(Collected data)
++++
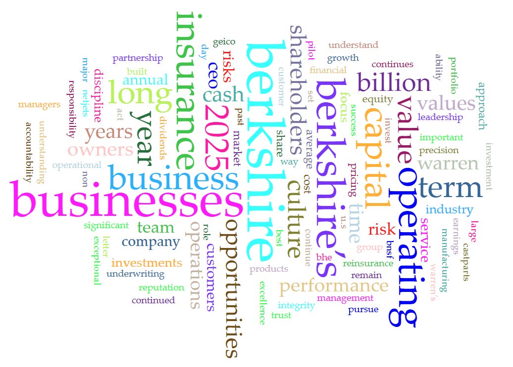 A 100-word word bubble using Greg Abel’s inaugural CEO letter.
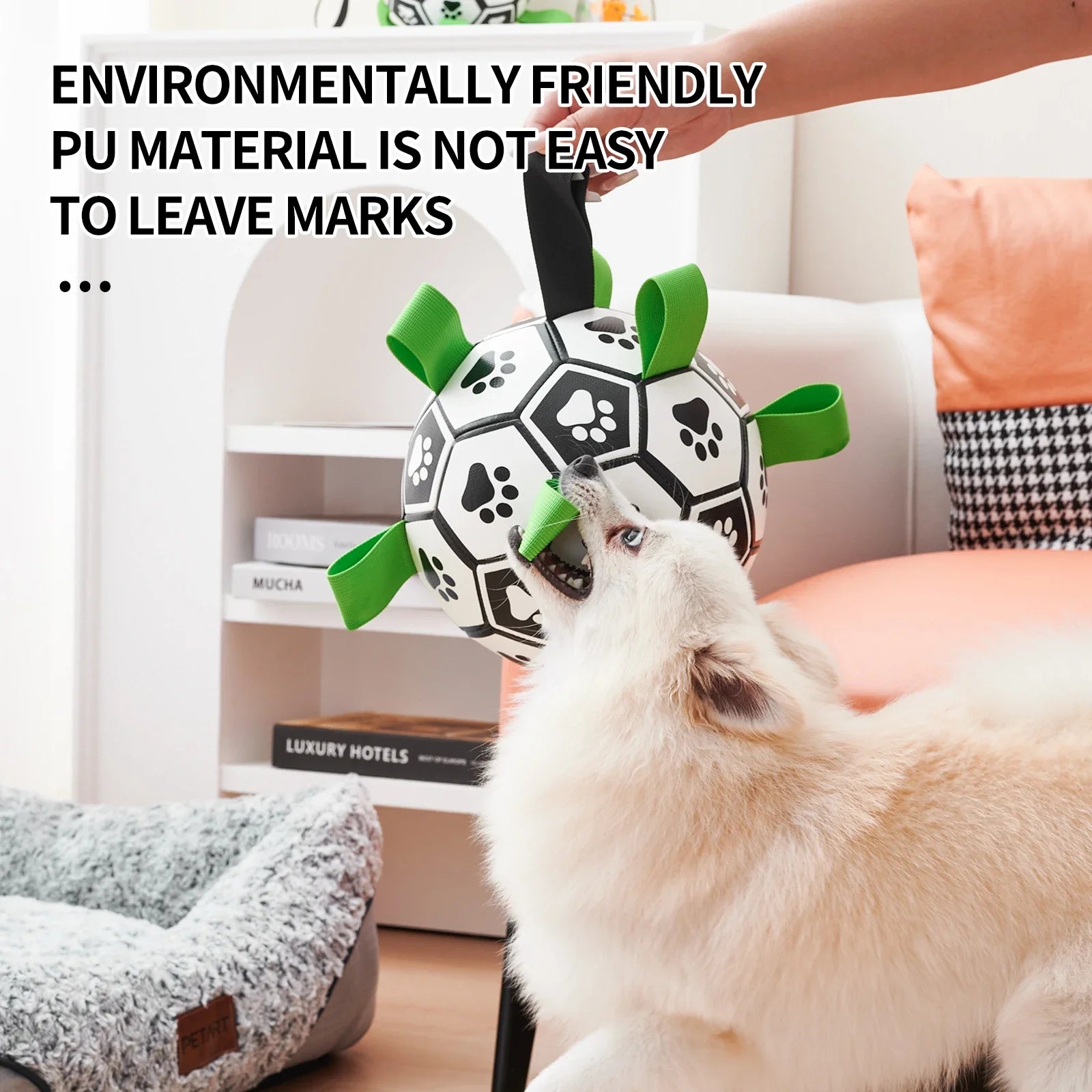 Interactive Leather Dog Soccer Ball with Tug Straps for Medium-Large Breeds, Durable Toy for Active Play, Perfect for Training, Engages & Entertains Dogs, Ideal Gift for Pet Owners
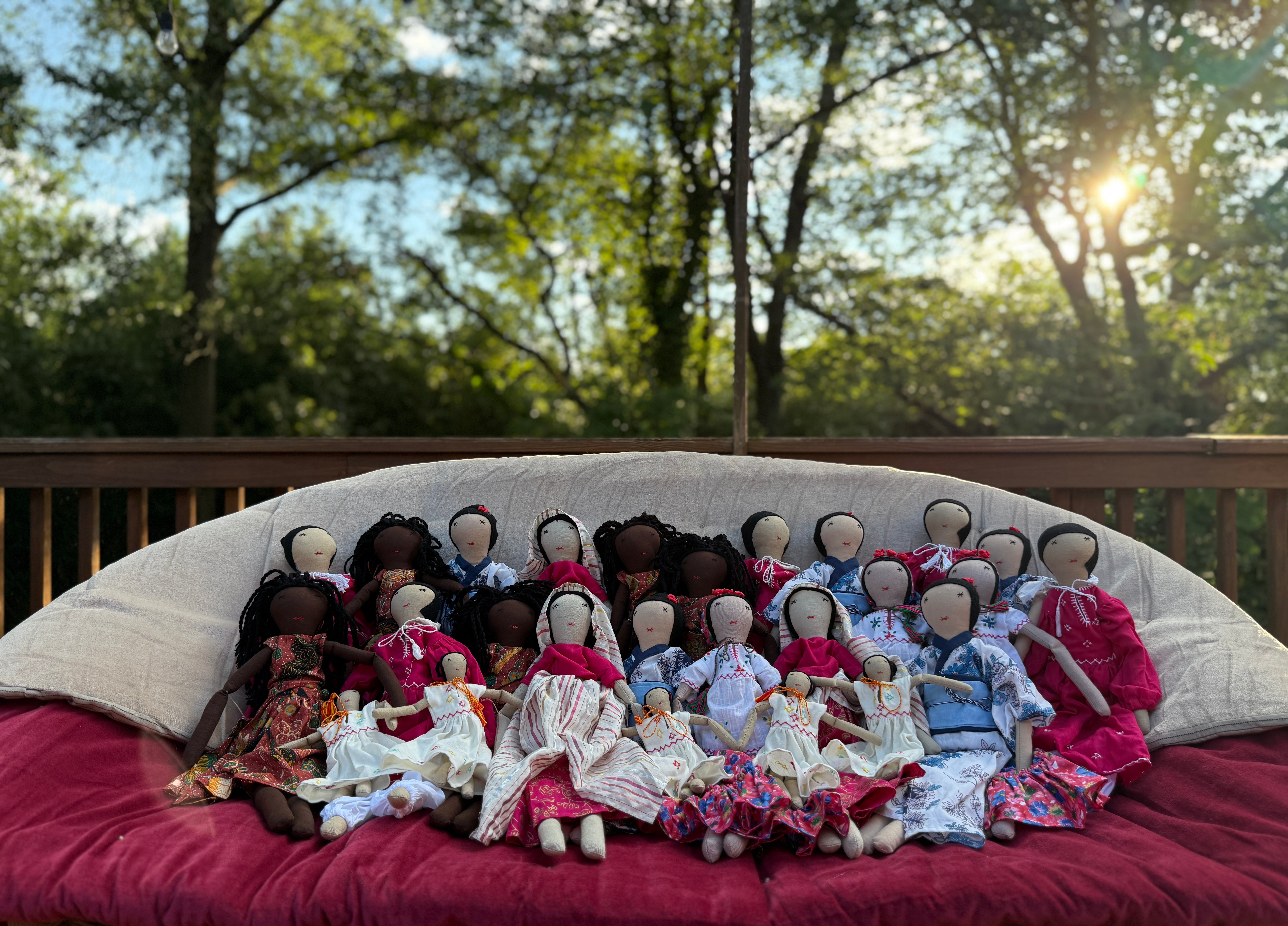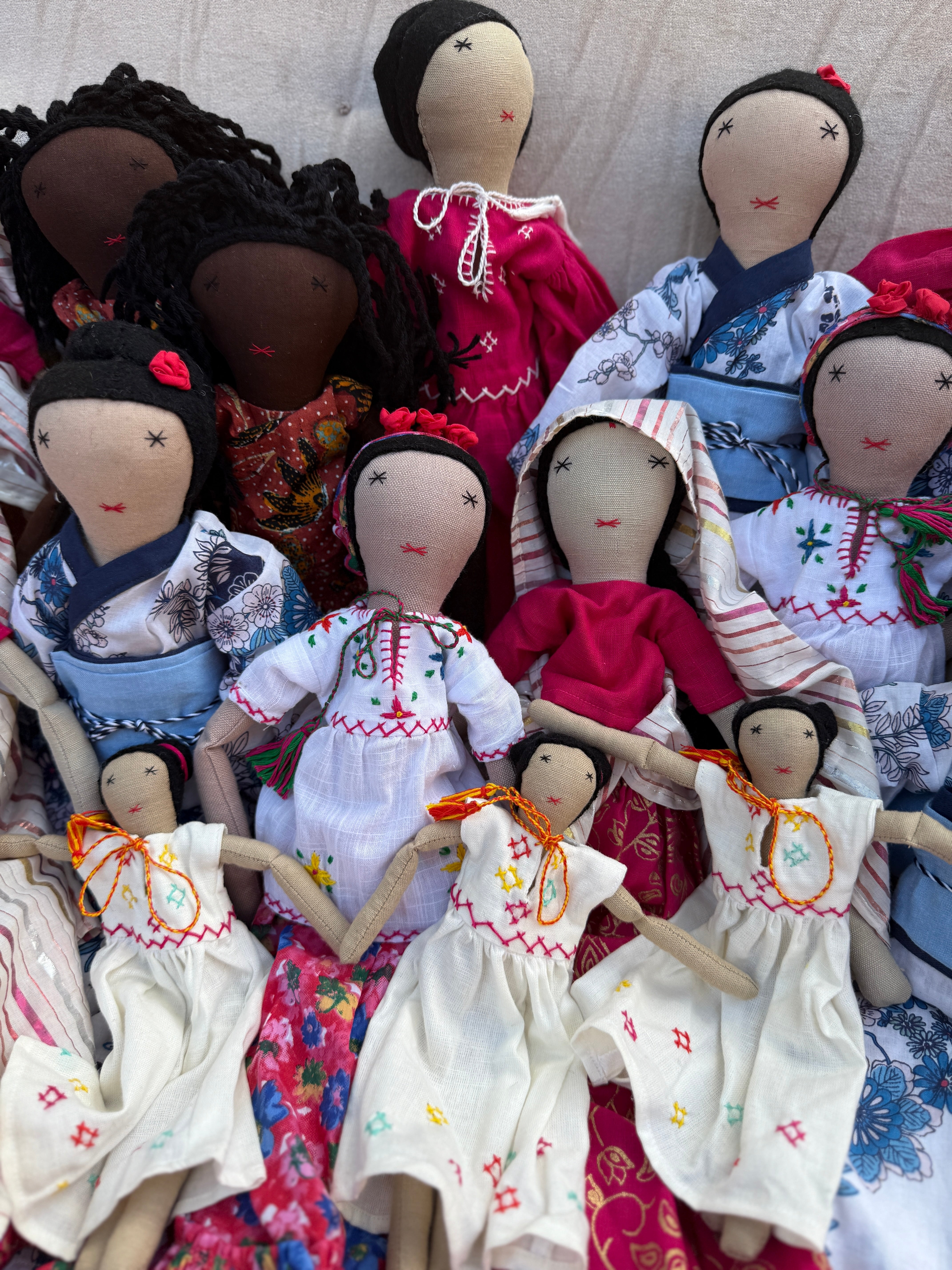 Frida, a radiant vision of floral delight, captivates with her vibrant presence. Handcrafted by Afghan women amidst their plight, she emerges as a work of art, stitched with love from waste fabric. Adorned with intricate embroidery and patterns on her skirt and heart, Frida carries the stories, hopes, and dreams of her creators.
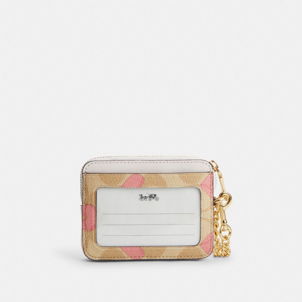 COACH FACTORY OUTLET PRICE CHART - CP467 - ZIP CARD CASE IN SIGNATURE CANVAS WITH HEART PRINT - GOLD/LIGHT KHAKI CHALK MULTI
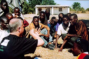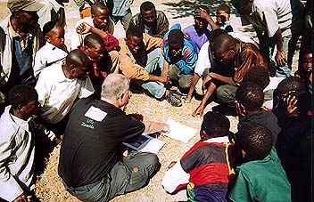A group of 8 Polish observers drove in and set up on the soccer pitch. I asked the teachers if they had permission from the school or village headmen to do this. They had not. We had intended to get all the villagers to spill onto the pitch just before totality. Since this group of observers and its South African tour organiser hadn't had the manners to seek permission to use the area, I had no hesitation in continuing with our plans to use the oval during totality. I also didn't see any reason to tell them of our plans. There's a bit of Mr Bean in all of us!
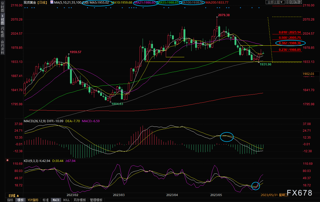 日线级别:震荡下跌后反弹;KDJ金叉,金价在100日均线附近获得支撑后反弹,目前回升至5日均线和10日均线上方,在失守5日均线1955.01前,金价短线存在进一步反弹机会,初步阻力在隔夜高点1974.62附近,进一步阻力在1980关口,强阻力在1988.65附近,该位置是2079-1932跌势的38.2%回撤位,55日均线和21日均线阻力也在该位置附近,若能收复该位置,则增加后市看涨信号。
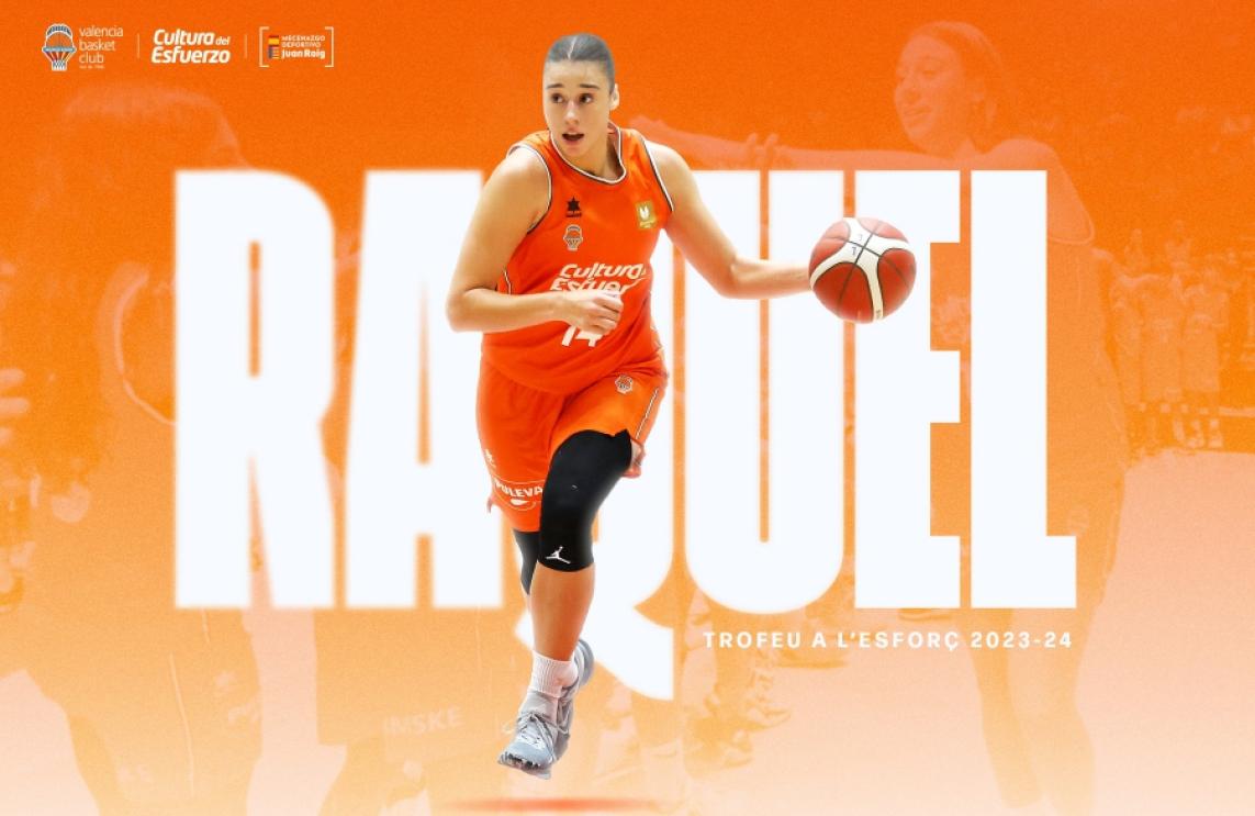 La jugadora del Valencia Basket Raquel Carrera es la ganadora del Trofeo al Esfuerzo de la temporada 23-24, galardón que ofrece la afición taronja votando durante la fase regular de la competición tras cada partido a través de la web. Esta es la quinta edición que se realiza con el equipo femenino y la Familia Taronja ha querido recompensar este año a la jugadora gallega por su entrega en cada partido, representando a la perfección los valores del Club.
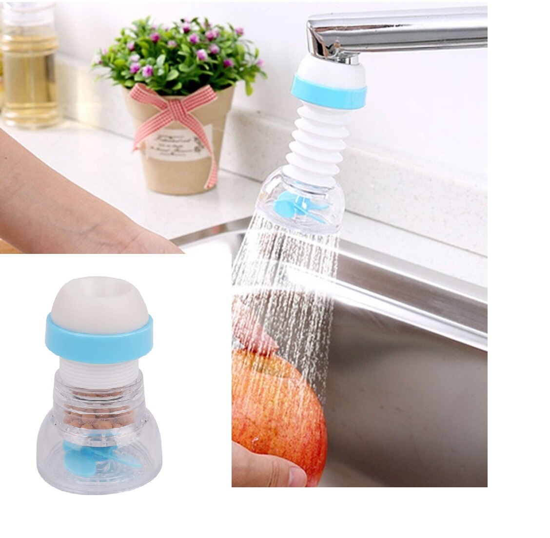 360 Derece Dönen Musluk Başlığı - Pervaneli Boncuklu Sıçratmaz Musluk Aparatı
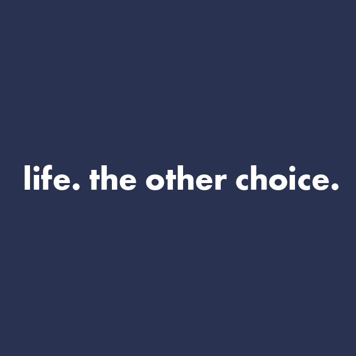 This navy blue t-shirt features the powerful statement “life. the other choice.” on the front. Choose between two impactful design options for the back. Wear it proudly and help promote a message of life—the other choice! Please refer to the size chart before placing your order.
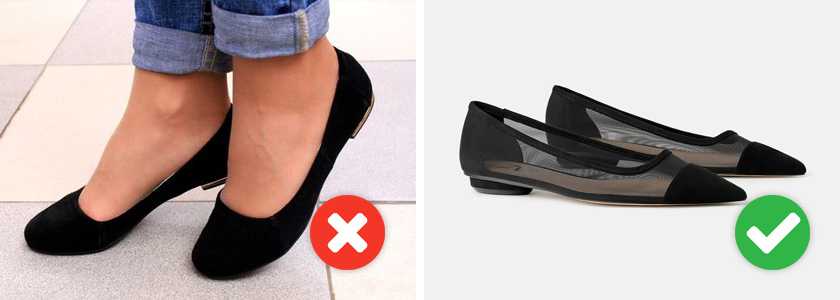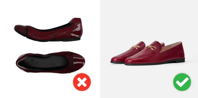 Наши прекрасные дамы очень любят балетки с круглым носом, чаще всего без какого-либо каблука. Понимаю, что это удобно, но, как ни печально, это не модно. Стоит присмотреться к балеткам с острым носком или к более современным моделям (лоферам, монкам).
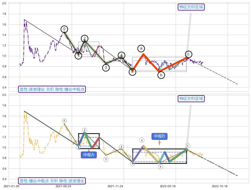 ➢ 波浪理论与缠论中枢点信号事件周期长度级别相同,同周期信号事件
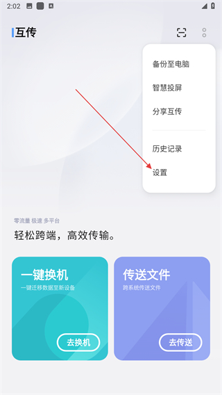 1、打開手機(jī)上的互傳應(yīng)用,點擊主界面右上角的三點圖標(biāo),在彈出的菜單中選擇備份至電腦選項。
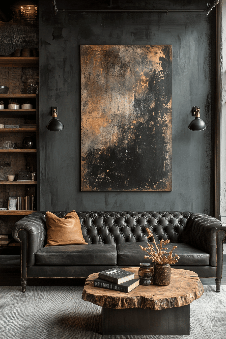 A masculine grey lounge vibe delivers confidence through clean lines and bold contrasts. In this dark grey living room, structured seating and darker finishes take the lead. Leather, metal, and wood accents reinforce the strong aesthetic. Minimal decor keeps the look sharp and intentional. It’s modern, grounded, and stylish. Click to explore masculine grey living ideas!
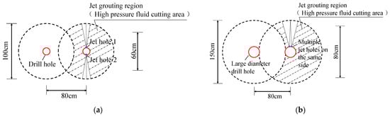 Drill hole layout and jetting mode. (a) Conventional high-pressure jet method; (b) Large aperture high-pressure jet method.
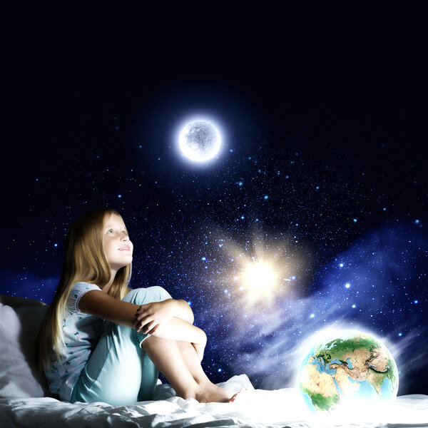 Девушка, сидящая в постели и мечтающая. Элементы этого изображения предоставлены НАСА
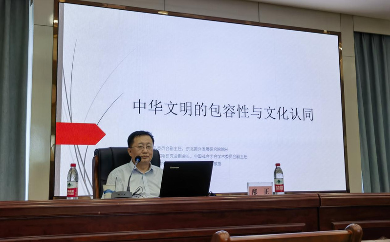 李怀老师首先简要介绍了邴正老师的研究方向和研究成果,并对邴正老师的莅临表示热烈欢迎。邴正老师从邴姓出发,引出了文化的包含性以及文化的认知,并对此次讲座的内容进行了展示,具体包含中华文明具有突出的包容性、文化的一元性与多样性的统一性、中国文化多元复合性的特征及中国传统文化包容性的文化态度四个部分。
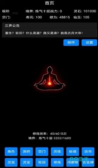 核心玩法聚焦文字驱动型放置体验,全程通过精炼文本推进凡人逆天改命的修真历程。丹药炼制、灵器锻造等关键资源均可通过后台挂机稳定产出,策略重心落在功法搭配、灵根适配与境界突破节奏把控上,适合偏好静思推演的玩家群体。
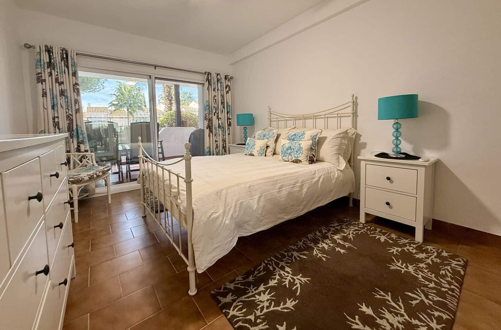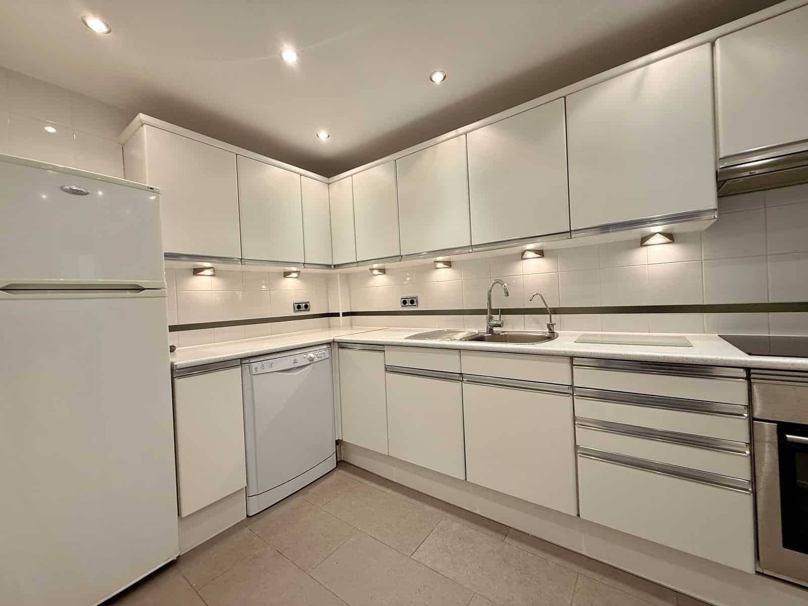 Apartamentul dispune de o terasă acoperită spațioasă care oferă o excelentă intimitate și vederi panoramice minunate asupra grădinilor pline de palmieri, cu munții ca fundal pitoresc. Interiorul cuprinde un hol de intrare primitor, o bucătărie bine dotată, complet echipată, și o cameră utilitară separată cu mașină de spălat și uscător. Bucătăria este convenabil situată lângă zona de living și dining open-plan, care se deschide direct către terasa principală—perfectă pentru mese în aer liber, relaxare și bronzat.
++++
Repeat every record exactly, but not the pictures.

- The answer
 A 100-word word bubble using Greg Abel’s inaugural CEO letter.
 Interactive Leather Dog Soccer Ball with Tug Straps for Medium-Large Breeds, Durable Toy for Active Play, Perfect for Training, Engages & Entertains Dogs, Ideal Gift for Pet Owners
 Frida, a radiant vision of floral delight, captivates with her vibrant presence. Handcrafted by Afghan women amidst their plight, she emerges as a work of art, stitched with love from waste fabric. Adorned with intricate embroidery and patterns on her skirt and heart, Frida carries the stories, hopes, and dreams of her creators.
 COACH FACTORY OUTLET PRICE CHART - CP467 - ZIP CARD CASE IN SIGNATURE CANVAS WITH HEART PRINT - GOLD/LIGHT KHAKI CHALK MULTI
A group of 8 Polish observers drove in and set up on the soccer pitch. I asked the teachers if they had permission from the school or village headmen to do this. They had not. We had intended to get all the villagers to spill onto the pitch just before totality. Since this group of observers and its South African tour organiser hadn't had the manners to seek permission to use the area, I had no hesitation in continuing with our plans to use the oval during totality. I also didn't see any reason to tell them of our plans. There's a bit of Mr Bean in all of us!
 日线级别:震荡下跌后反弹;KDJ金叉,金价在100日均线附近获得支撑后反弹,目前回升至5日均线和10日均线上方,在失守5日均线1955.01前,金价短线存在进一步反弹机会,初步阻力在隔夜高点1974.62附近,进一步阻力在1980关口,强阻力在1988.65附近,该位置是2079-1932跌势的38.2%回撤位,55日均线和21日均线阻力也在该位置附近,若能收复该位置,则增加后市看涨信号。
 La jugadora del Valencia Basket Raquel Carrera es la ganadora del Trofeo al Esfuerzo de la temporada 23-24, galardón que ofrece la afición taronja votando durante la fase regular de la competición tras cada partido a través de la web. Esta es la quinta edición que se realiza con el equipo femenino y la Familia Taronja ha querido recompensar este año a la jugadora gallega por su entrega en cada partido, representando a la perfección los valores del Club.
 360 Derece Dönen Musluk Başlığı - Pervaneli Boncuklu Sıçratmaz Musluk Aparatı
 This navy blue t-shirt features the powerful statement “life. the other choice.” on the front. Choose between two impactful design options for the back. Wear it proudly and help promote a message of life—the other choice! Please refer to the size chart before placing your order.
 Наши прекрасные дамы очень любят балетки с круглым носом, чаще всего без какого-либо каблука. Понимаю, что это удобно, но, как ни печально, это не модно. Стоит присмотреться к балеткам с острым носком или к более современным моделям (лоферам, монкам).
 ➢ 波浪理论与缠论中枢点信号事件周期长度级别相同,同周期信号事件
 1、打開手機(jī)上的互傳應(yīng)用,點擊主界面右上角的三點圖標(biāo),在彈出的菜單中選擇備份至電腦選項。
 A masculine grey lounge vibe delivers confidence through clean lines and bold contrasts. In this dark grey living room, structured seating and darker finishes take the lead. Leather, metal, and wood accents reinforce the strong aesthetic. Minimal decor keeps the look sharp and intentional. It’s modern, grounded, and stylish. Click to explore masculine grey living ideas!
 Drill hole layout and jetting mode. (a) Conventional high-pressure jet method; (b) Large aperture high-pressure jet method.
 Девушка, сидящая в постели и мечтающая. Элементы этого изображения предоставлены НАСА
 李怀老师首先简要介绍了邴正老师的研究方向和研究成果,并对邴正老师的莅临表示热烈欢迎。邴正老师从邴姓出发,引出了文化的包含性以及文化的认知,并对此次讲座的内容进行了展示,具体包含中华文明具有突出的包容性、文化的一元性与多样性的统一性、中国文化多元复合性的特征及中国传统文化包容性的文化态度四个部分。
 核心玩法聚焦文字驱动型放置体验,全程通过精炼文本推进凡人逆天改命的修真历程。丹药炼制、灵器锻造等关键资源均可通过后台挂机稳定产出,策略重心落在功法搭配、灵根适配与境界突破节奏把控上,适合偏好静思推演的玩家群体。
 Apartamentul dispune de o terasă acoperită spațioasă care oferă o excelentă intimitate și vederi panoramice minunate asupra grădinilor pline de palmieri, cu munții ca fundal pitoresc. Interiorul cuprinde un hol de intrare primitor, o bucătărie bine dotată, complet echipată, și o cameră utilitară separată cu mașină de spălat și uscător. Bucătăria este convenabil situată lângă zona de living și dining open-plan, care se deschide direct către terasa principală—perfectă pentru mese în aer liber, relaxare și bronzat.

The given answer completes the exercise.